Your task:
Please return the lines below verbatim, beginning at the one that has "赛场热浪随着比赛进程不断攀升" and stopping after the one that has "As the tendon", and add no other lines.

Material provided:
——————————
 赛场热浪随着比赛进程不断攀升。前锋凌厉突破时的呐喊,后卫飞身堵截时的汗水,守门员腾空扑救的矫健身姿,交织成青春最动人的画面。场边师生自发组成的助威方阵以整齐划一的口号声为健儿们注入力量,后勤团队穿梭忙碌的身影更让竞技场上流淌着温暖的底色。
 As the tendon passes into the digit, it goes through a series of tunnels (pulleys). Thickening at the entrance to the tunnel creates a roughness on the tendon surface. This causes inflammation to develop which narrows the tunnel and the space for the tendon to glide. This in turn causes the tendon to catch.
——————————
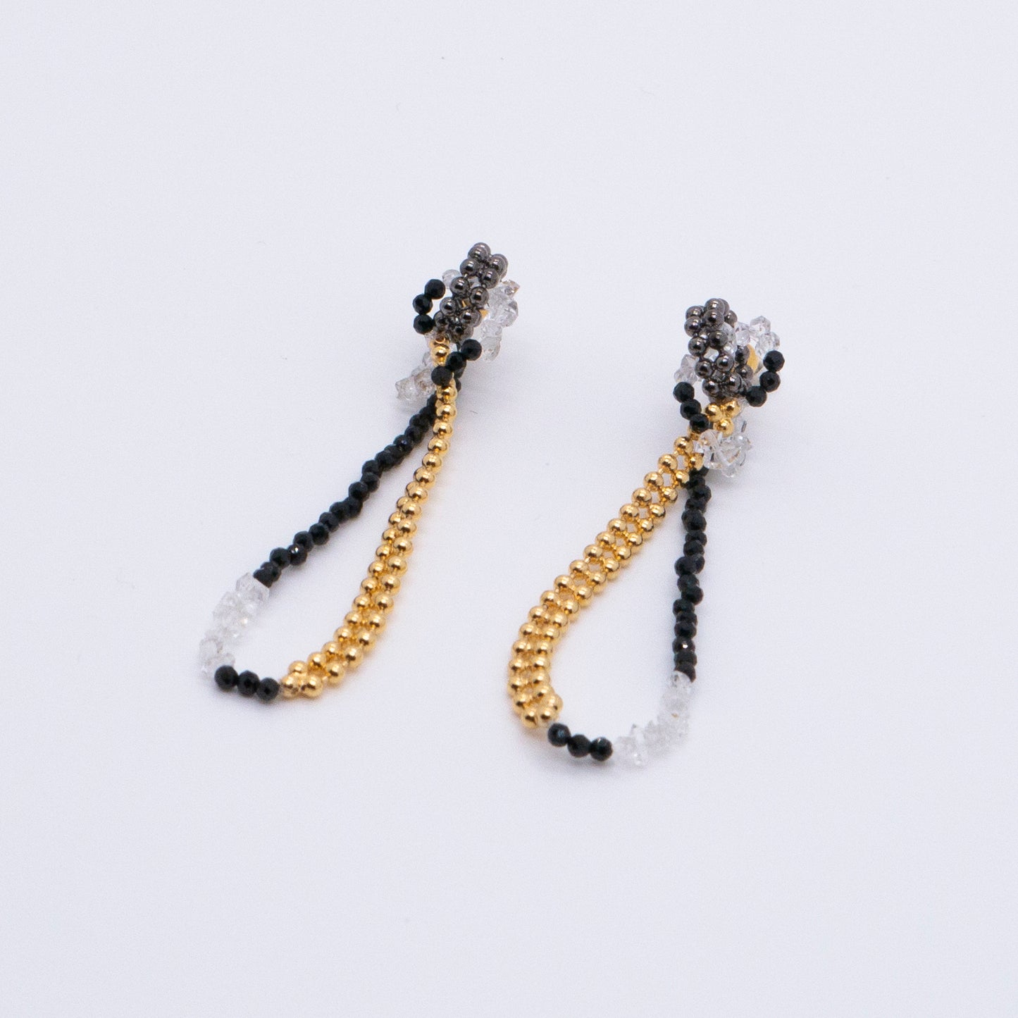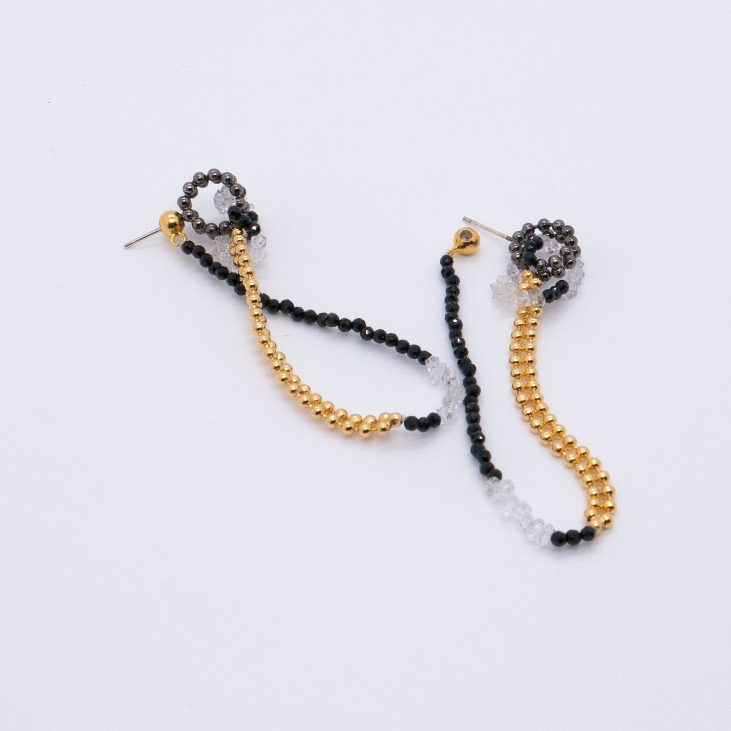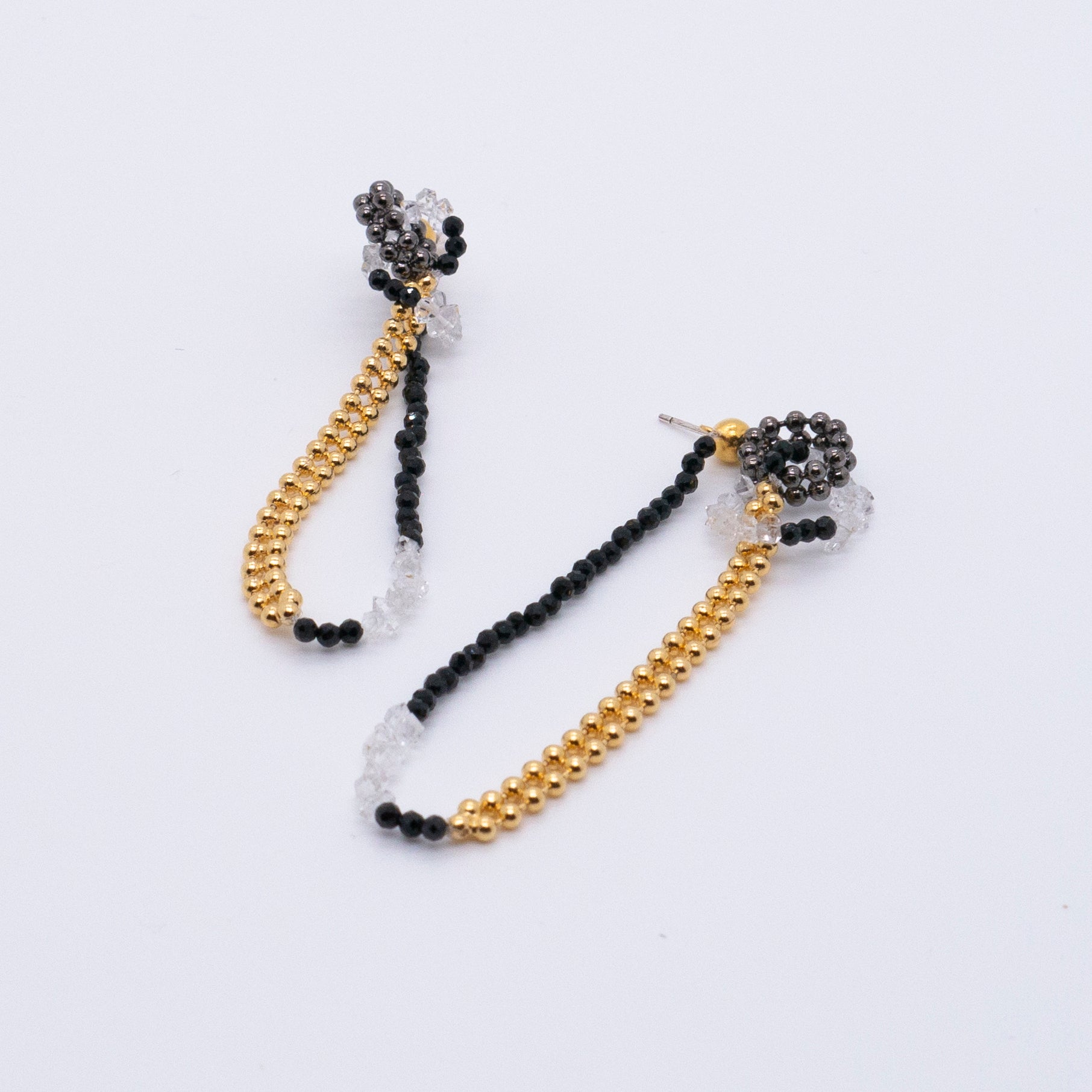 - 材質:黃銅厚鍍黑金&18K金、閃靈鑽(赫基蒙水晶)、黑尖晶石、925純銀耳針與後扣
——————————
Solution:
 赛场热浪随着比赛进程不断攀升。前锋凌厉突破时的呐喊,后卫飞身堵截时的汗水,守门员腾空扑救的矫健身姿,交织成青春最动人的画面。场边师生自发组成的助威方阵以整齐划一的口号声为健儿们注入力量,后勤团队穿梭忙碌的身影更让竞技场上流淌着温暖的底色。
 As the tendon passes into the digit, it goes through a series of tunnels (pulleys). Thickening at the entrance to the tunnel creates a roughness on the tendon surface. This causes inflammation to develop which narrows the tunnel and the space for the tendon to glide. This in turn causes the tendon to catch.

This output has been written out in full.